**Data section:**
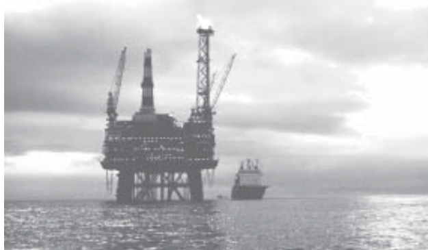
Exploring the high seas

Exploration & Production (E&P) business is an important area and a major breakthrough is awaited to reap returns from the Corporation's E&P investments made over the years. Not only has our portfolio of E&P assets, (both in India and abroad) increased, capabilities have been enhanced after we have taken on the role of an operator in newly-acquired E&P blocks.
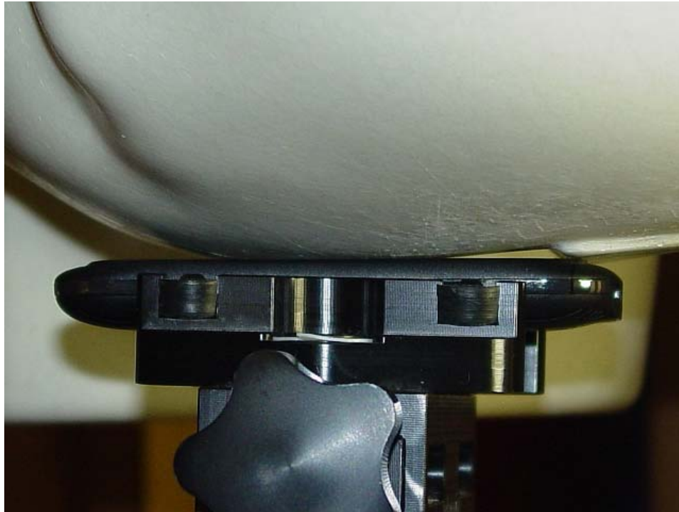
Figure 9E.1 Phone against the head (Left cheek position)
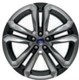
20" Polished Aluminum with Low-Gloss Magnetic-Painted Pockets Standard

**Task to carry out:** Print all the lines above again exactly, without any pictures.

**Reply:**
Exploring the high seas

Exploration & Production (E&P) business is an important area and a major breakthrough is awaited to reap returns from the Corporation's E&P investments made over the years. Not only has our portfolio of E&P assets, (both in India and abroad) increased, capabilities have been enhanced after we have taken on the role of an operator in newly-acquired E&P blocks.
Figure 9E.1 Phone against the head (Left cheek position)
20" Polished Aluminum with Low-Gloss Magnetic-Painted Pockets Standard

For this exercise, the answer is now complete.